Following is how the generated markdown looks like now:

NestedLayoutAttr

A layout representing a mapping from GPU thread hierarchy to a shape

Syntax:

#iree_vector_ext.nested_layout<
  ::llvm::ArrayRef<int64_t>,   # subgroupTile
  ::llvm::ArrayRef<int64_t>,   # batchTile
  ::llvm::ArrayRef<int64_t>,   # outerTile
  ::llvm::ArrayRef<int64_t>,   # threadTile
  ::llvm::ArrayRef<int64_t>,   # elementTile
  ::llvm::ArrayRef<int64_t>,   # subgroupStrides
  ::llvm::ArrayRef<int64_t>   # threadStrides
>

This layout explicitly defines how the shape of the associated vector is mapped to a compute hierarchy. We consider the following levels of hierarchy, inspired by GPUs:

Subgroups per workgroup
Threads per subgroup
Elements per thread

Note that elements in a thread is also conceptually viewed as a 3 dimensions. i.e. elements per thread = batch x outer x element However, the final order of sub-dimensions are not exactly in that hierarchy. For e.g. a single dimensional vector say vector< n x f16> is viewed as a vector<subgroup x batch x outer x thread x element> 5 dimensional vector. For a two dimensional vector, each above sub-dimension would be doubled. i.e. vector< n1 x n2 x f16> is viewed as a vector<subgroup1 x subgroup2 x batch1 x batch2 x ... x element1 x element2>

Now, when the vector is indexed, the indices of 'subgroup' and thread are not directly refferring to the subgroup_id and thread_id in the GPU context. lets define them as virtual_subgroup_id and virtual_thread_id and they hold the following definition:

virtual_subgroup_id[i] = (subgroup_id / subgroup_stride[i]) % subgroup_tile_size[i]
virtual_thread_id[i]   = (thread_id   / thread_stride[i]) % thread_tile_size[i]

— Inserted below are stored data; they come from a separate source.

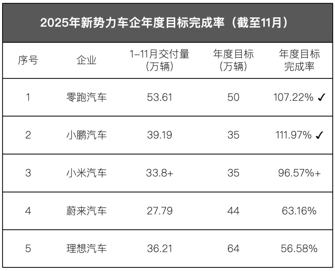 零跑(107.22%)和小鹏(111.97%)“提前交卷”;小米(96.57%+)已经一只脚迈线,完成目标没有悬念;
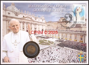 VATICAN, enveloppe philatélico numismatique réalisée en l'honneur de la béatification du P...
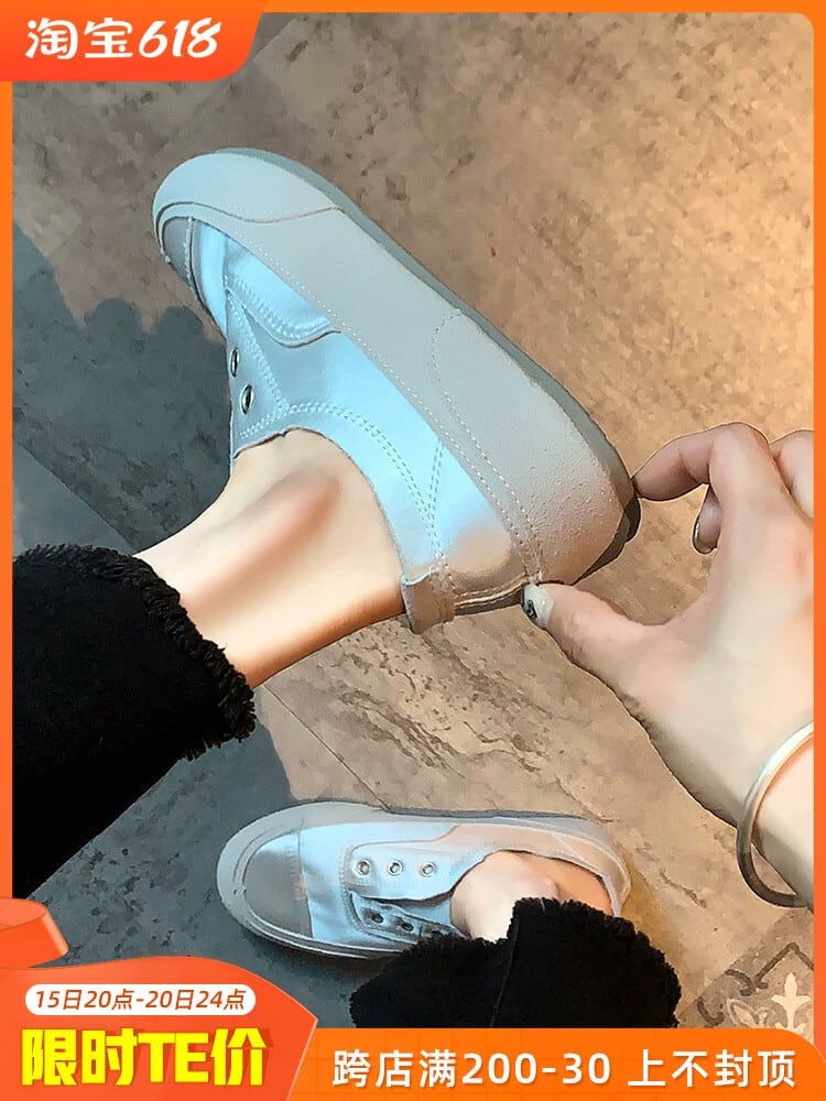 小さな白い靴の女性の 2023 春と秋の新作スーパーファッションオールマッチレトロソフトボトム comtable 通気性のあるライトカジュアルスニーカー シューズ ホワイト スプリング 春物 オータム 秋物 jxjxf24844173121

the inverse mapping would be:

subgroup_id = sum_i(subgroup_stride[i] * virtual_subgroup_id[i]) % mul_i(subgroup_tile_size[i])
thread_id = sum_i(thread_stride[i] * virtual_thread_id[i]) % mul_i(thread_tile_size[i])
    for i = [0 : rank(undistributed_vector)]

NOTE: if stride is zero, it represents non-distribution of that dimension on that hierarchy.

We now describe each level of tiling. Each level of tiling represents a count of tiles over the next level (rather than a list of tile sizes).

Subgroups per Workgroup

This level of tiling is also known as "subgroup/warp distribution". It represents how the vector is distributed into subgroups.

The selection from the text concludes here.